When I was shopping around for a smartphone a few years ago, I didn’t find much to like about Blackberry devices.  I looked at both iOS & Android devices and thought the UI & UX was very similar and didn’t impress me.  Then I saw Windows Phone 7 at Mobile World Congress and was intrigued.  It felt like a TRUE mobile operating system, not an app launcher.  The killer feature for me was the app design, what Microsoft was calling “Metro”.

Metro

Fast forward to 2013 and things are very different.  Android has evolved, drastically.  No longer can Windows Phone gloat about Live Tiles; Android’s widgets can do the same.  iOS has evolved too, not as dramatically as Android, but enough so that social integration into the OS is no longer just a Windows Phone thing. iPhones have Facebook, Twitter and so on through their OS as well.  While these features still seem better on Windows Phone, it no longer separates us from them.
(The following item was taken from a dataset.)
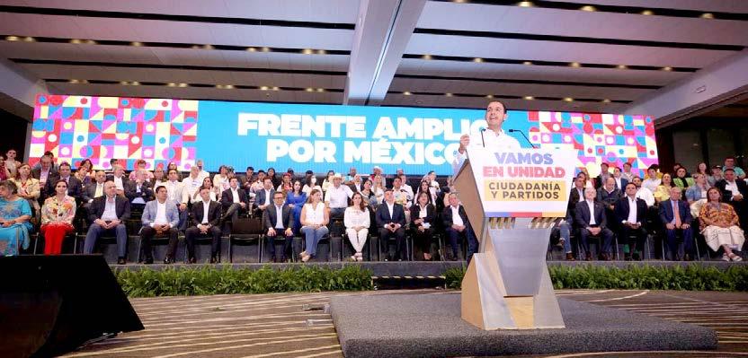 Otra diferencia en la presentación del proceso para elegir al Responsable Nacional para la Construcción del Frente Amplio Opositor, es que las dirigencias partidistas colocaron una primera fila de invitados, con asientos numerados para exhibir a los suspirantes del Frente Opositor, seis del PRI: Beatriz Paredes , Claudia Ruiz Massieu , Alejandro Murat , Ildefonso Guajardo, Enrique de la Madrid y José Ángel Gurría . Cinco del PAN: Xóchitl Gálvez , Lily Téllez , Santiago Creel, Gabriel Quadri , Juan Carlos Romero Hicks y José Luis Preciado. Uno del PRD: Silvano Aureoles; y el “independiente” Gustavo de Hoyos

Still, Windows Phone has one killer feature left; Metro.  Let’s be clear, Metro is MORE than just flat imagery or tiles.  It’s about typography, minimalism, landscape layout and content as the imagery.  And there’s more than one way to achieve it.  Look at the People hub then look at the USA Today app.  Similar and different.  One is utilizing black & white, the other, color.  One has no background, the other does.  All metro apps should be similar in function, but can still be quite different and recognizable on its own.  I would never confuse the USA Today app with the Amazon app.  Both use metro, but are very different.
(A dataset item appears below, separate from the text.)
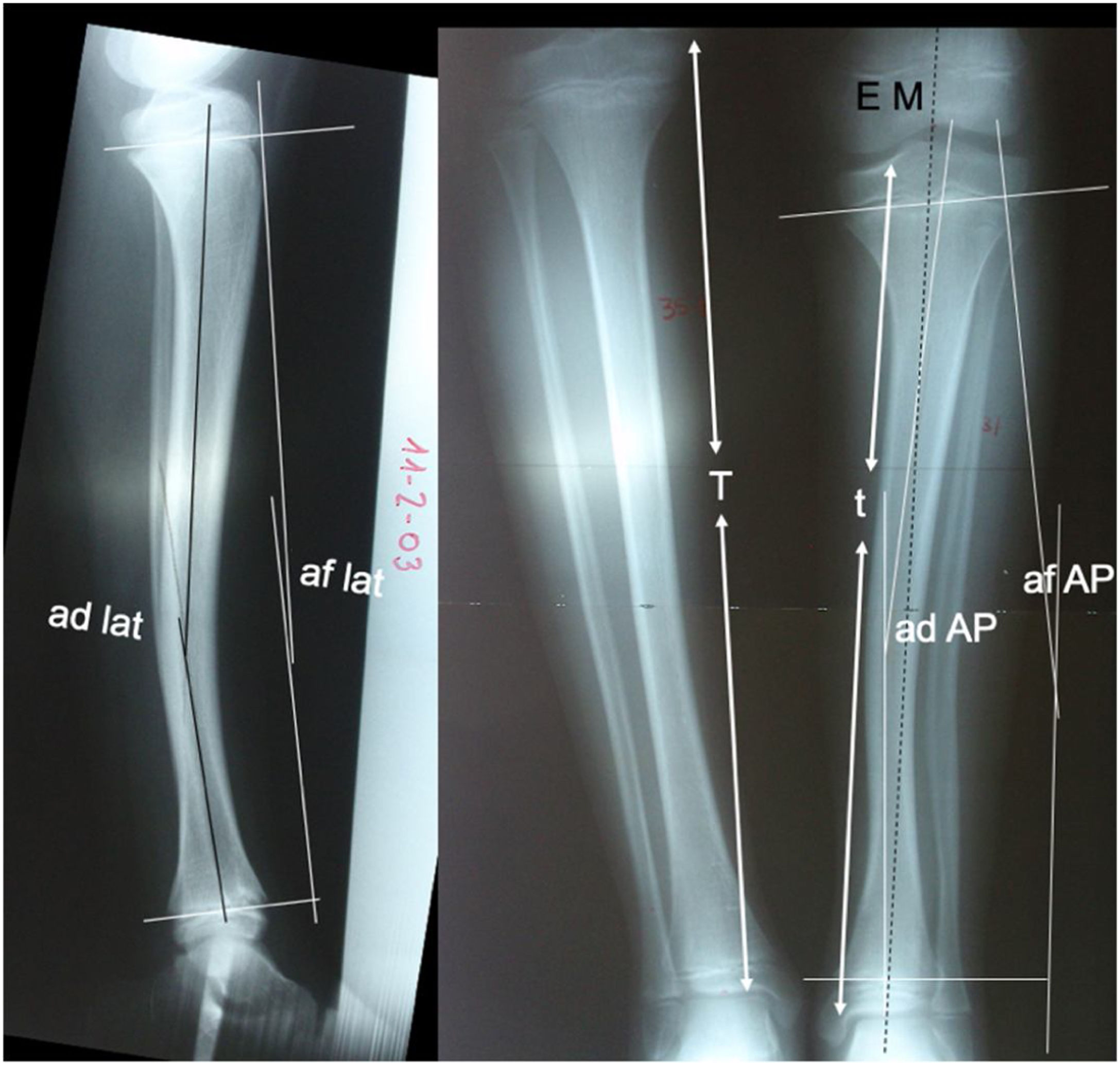 ad AP: ángulo diafisario tibial en proyección anteroposterior; ad lat: ángulo diafisario tibial en proyección lateral; af AP: ángulo fisario en proyección anteroposterior; af lat: ángulo fisario en proyección lateral; EM: eje mecánico de la extremidad; T: longitud de la tibia sana; t: longitud de la DPMT.

Then comes Facebook Beta.  An app almost identical to it’s Android & iOS counterparts. One of the hosts of the recent WP Central podcast said the Facebook app does have metro elements…  I spit my coffee out when I heard this. He cited the flat look of the graphics as being metro.  Again, metro is SO much more than that.  While it’s good that OFFICIAL apps are finally making their way to Windows Phone, if they are no longer following the metro design principles, then what separates Windows Phone from the other mobile operating systems?